When Life Gives You Poopy Diapers...

   My parents taught me to give one hundred percent at everything I do. College taught me I can squeeze by with eighty. You simply make up for the rest with improvisation. I think when Charlotte was a baby I gave this whole motherhood thing 100% and probably more, but I’m on kid #3 (what’s his name again?) and just don’t have time or energy to be an over-achiever. Once you have multiple children, each day is really just a battle for survival, and improvising is your greatest weapon.

   I wish that I were always calm and relaxed, but my husband will certainly attest to the fact that I am neither of those things after a long day of crazy. I have, however, learned how to just go with the flow. Kids have this uncanny ability to ruin any set plan you may have, testing your flexibility and creativity on a daily basis. They say when life gives you lemons, make lemonade. And that is what I (try to) do. Except…life doesn’t give me lemons—instead I get poopy diapers, temper tantrums, and more vomit than I care to think about. When Charlotte was running a fever the other night, I was fumbling around the kitchen at 3am for a medicine cup. Of course I couldn’t find one. Eventually giving up, I poured her Tylenol into a shot glass instead, and tried not to laugh as I watched her shoot it down. Not my proudest moment, but I had to improvise. I was making lemonade. Or the other day after Michael pooped in his diaper and I realized I didn’t bring any backups…I had to use Oliver’s diapers instead. If there is an award for squeezing a 2-year old into 6-month diapers, I win. It wasn’t pretty, and I was praying to the good Lord above that he didn’t poop again because it would’ve ended up in his shoes, but we survived to tell the tale. 

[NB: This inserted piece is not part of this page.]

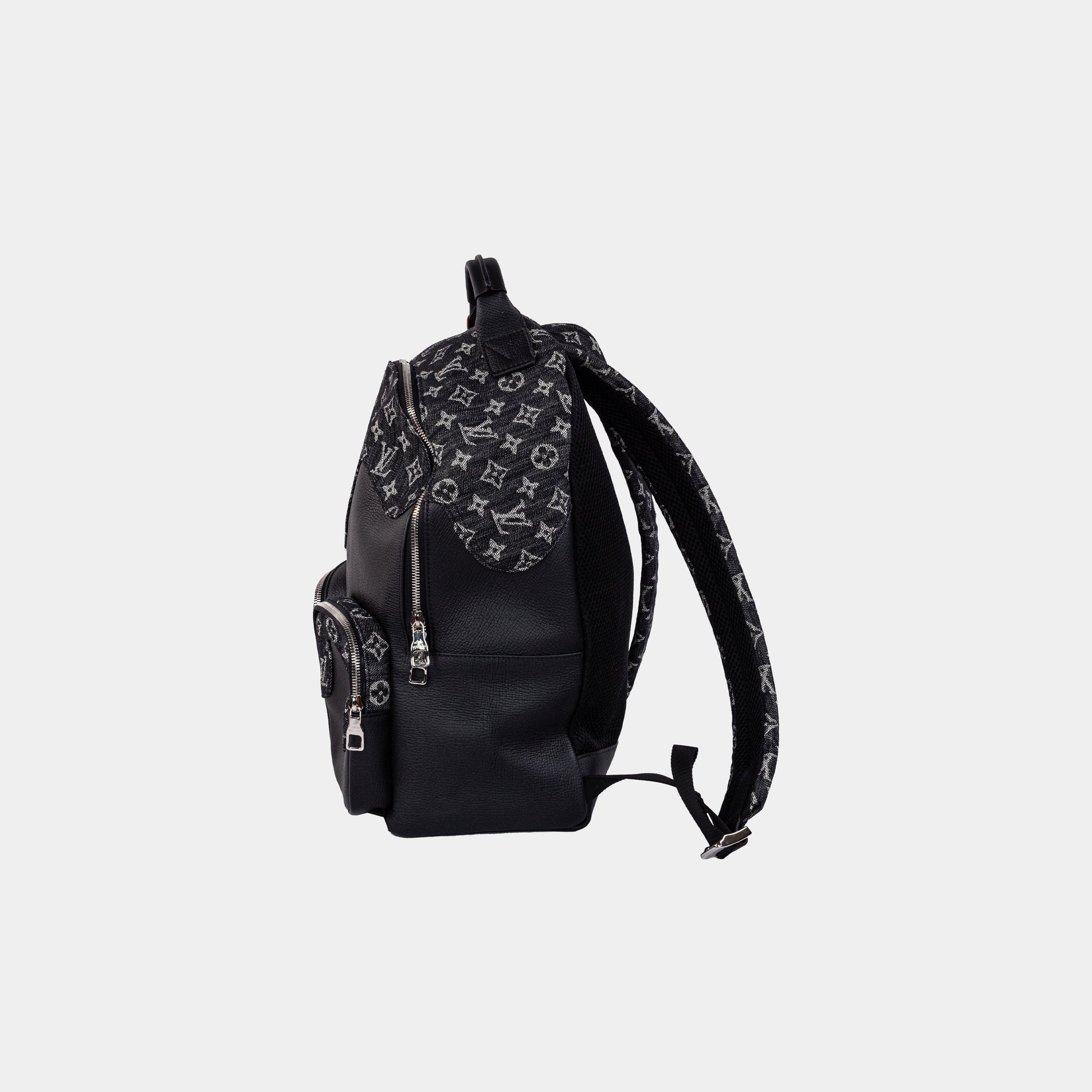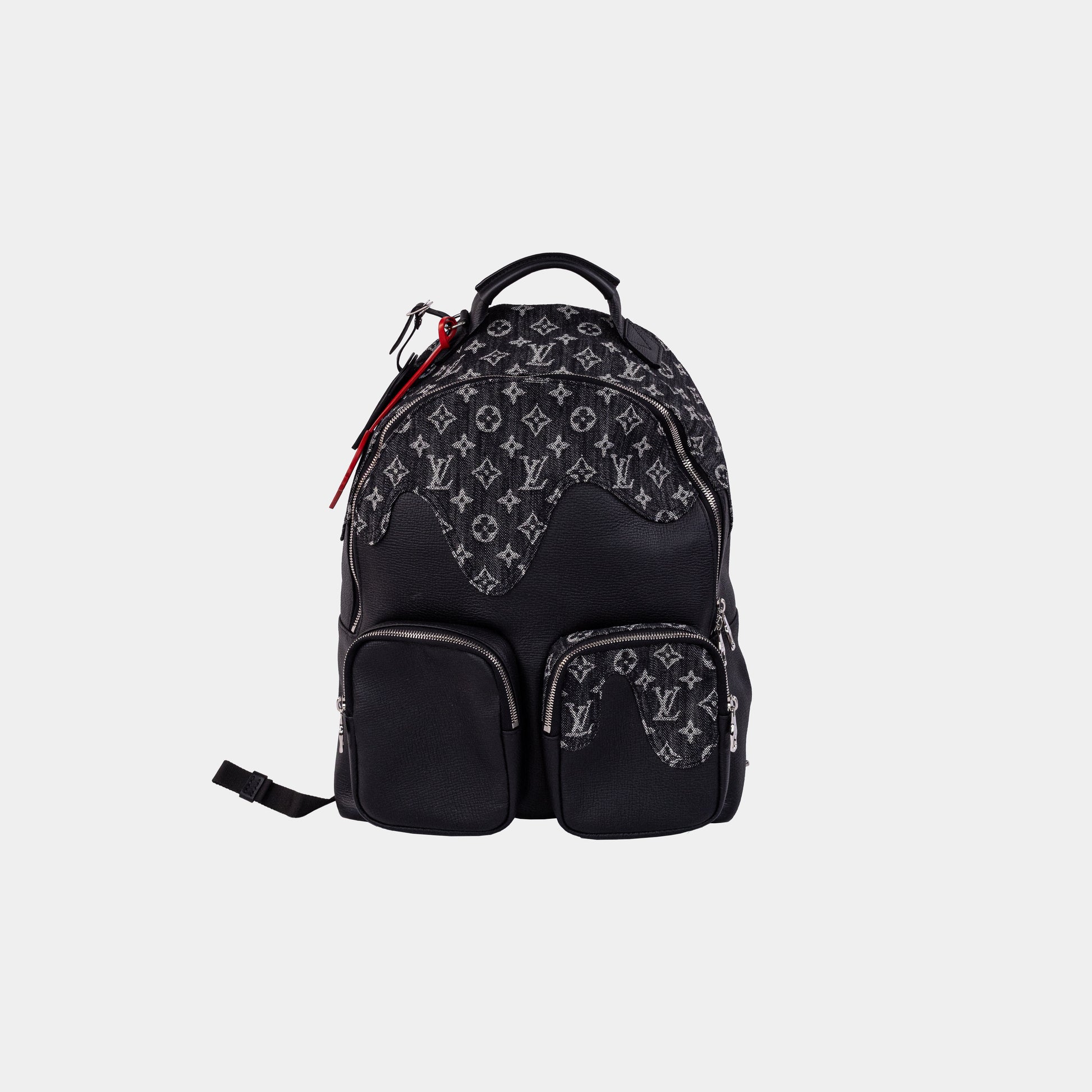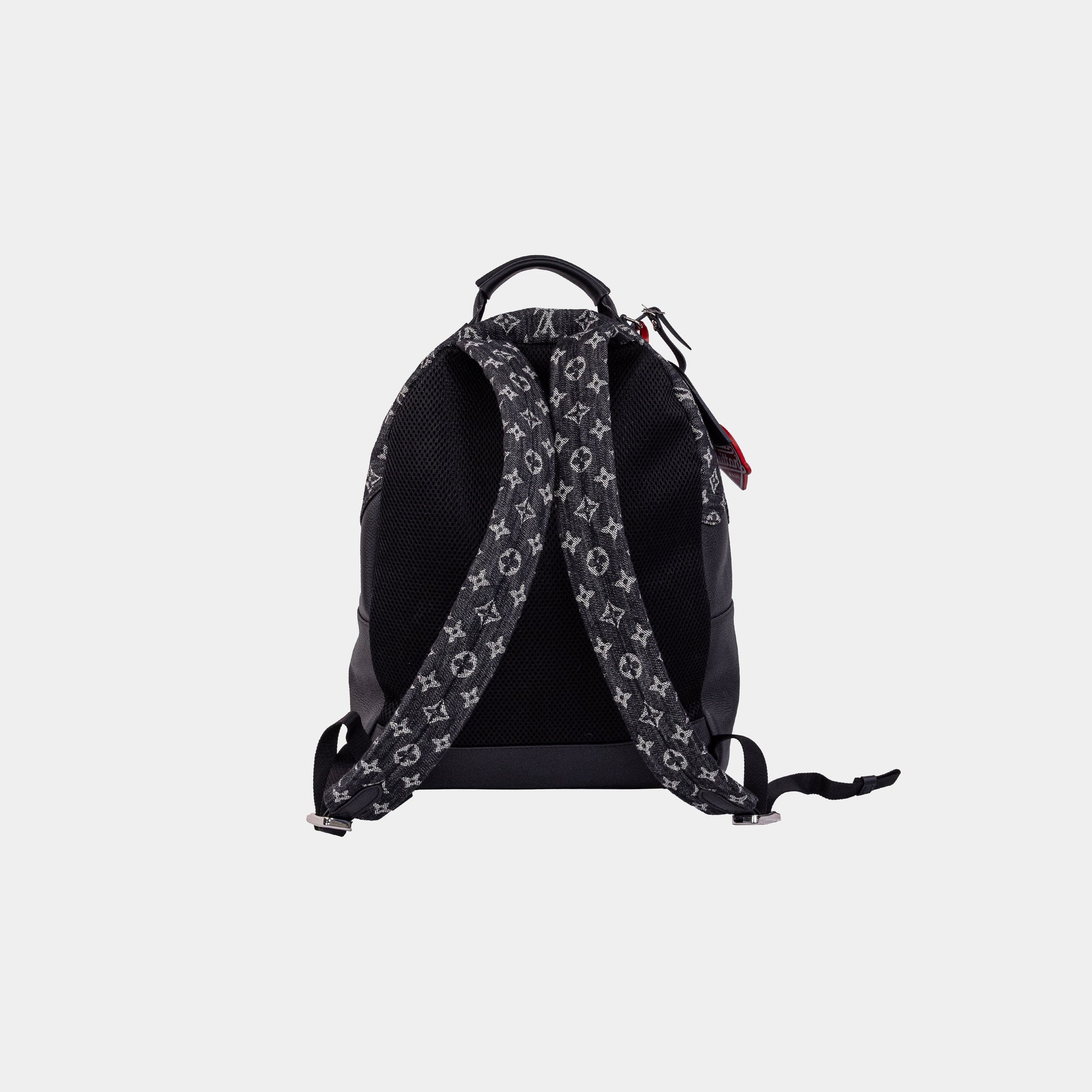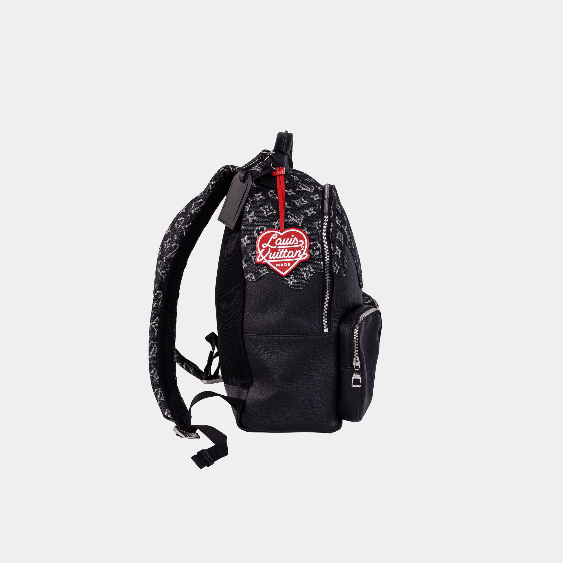 The Louis Vuitton x Nigo Multipocket Monogram Backpack in black is a fusion of luxury craftsmanship and streetwear aesthetics. Crafted from black denim adorned with the iconic Louis Vuitton monogram, it features multiple pockets for practicality and a bold design that reflects Nigo's unique style. Silver-tone hardware and a red heart-shaped tag add distinctive touches to this limited-edition piece.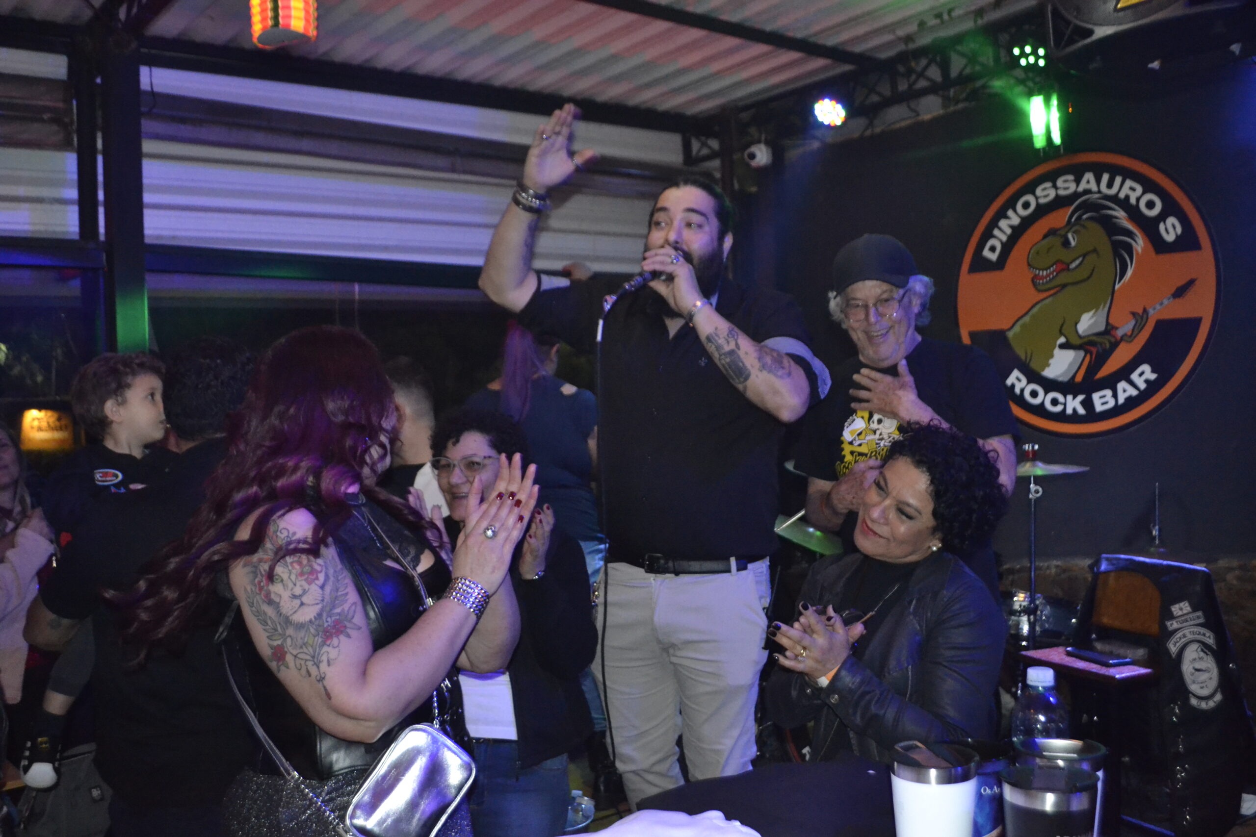 Foi um prazer estar de volta. Aproveito para agradecer a todos os envolvidos por me deixarem registrar a festa de aniversário do Dinossauro´s Rock Bar. Significou muito para mim, Mauricio Filho e para os fãs do Mike na Noite, pois foi ali e por causa de lá que ele surgiu.

   In the end, these “stories of survival” make for the biggest laughs. With no sleep, no shower, and usually half of a cold meal eaten, I consider it a parenting win if I make it through the day with my shoes on the right feet. But I live for the laughter. I live for the craziness. These days are flying by too quickly and I don’t want to waste a second of it stressing out about things that are beyond my control. Instead, I’m going to make lemonade.